Z zapisów ogłoszonej w piątek umowy koalicyjnej zawartej pomiędzy Platformą Obywatelską, Polską 2050, PSL i Nową Lewicą, wynika, że „mowa nienawiści” skierowana przeciwko orientacji seksualnej będzie podlegać ściganiu z urzędu.
Parafowanie umowy koalicyjnej miało miejsce w piątek po południu w Sejmie, gdzie przewodniczący Platformy Obywatelskiej Donald Tusk, przewodniczący Polski 2050 Szymon Hołownia, prezes Polskiego Stronnictwa Ludowego Władysław Kosiniak-Kamysz, a także współprzewodniczący Nowej Lewicy Włodzimierz Czarzasty i Robert Biedroń złożyli swoje podpisy.
Umowa została podzielona na trzy części. W pierwszej zatytułowanej „Ustalenia programowe” punkt 6., jako „kluczowy obszar”, określa wzmocnienie praw kobiet, w tym unieważnienie wyroku Trybunału Konstytucyjnego z 2020 roku.
Trybunał Konstytucyjny orzekł w październiku 2020 roku, że przepis zezwalający na aborcję w przypadku ciężkiego i nieodwracalnego upośledzenia płodu albo nieuleczalnej choroby zagrażającej jego życiu jest niekonstytucyjny. Umowa koalicyjna zobowiązuje się do wsparcia par planujących rodzicielstwo poprzez finansowanie procedury in vitro i dostęp do bezpłatnych badań prenatalnych.

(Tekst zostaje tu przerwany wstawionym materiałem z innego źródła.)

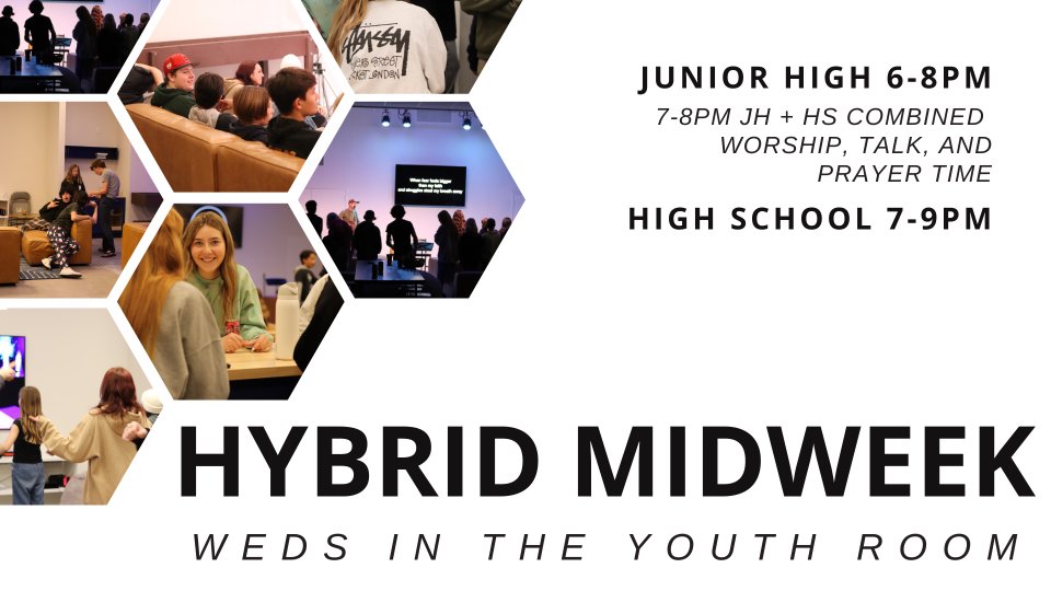 6pm-7pm: Junior High specific hangout and game time in the Youth Room.

Dodatkowo, dokument deklaruje realizację „nowoczesnych standardów” opieki okołoporodowej, rozbudowę sieci żłobków oraz wsparcie dla kobiet wracających do pracy po urlopie macierzyńskim. Umowa zakłada likwidację luki płacowej, eliminację innych barier utrudniających równości na rynku pracy i skuteczną egzekucję alimentów.
W punkcie 7. umowy podkreśla się, że „wszyscy jesteśmy równi, a orientacja seksualna i płeć nie mogą być powodem dyskryminacji”. Priorytetem jest walka z mową i czynami nienawiści, a nowelizacja Kodeksu Karnego ma potwierdzić, że „mowa nienawiści” skierowana przeciwko orientacji seksualnej będzie ścigana z urzędu.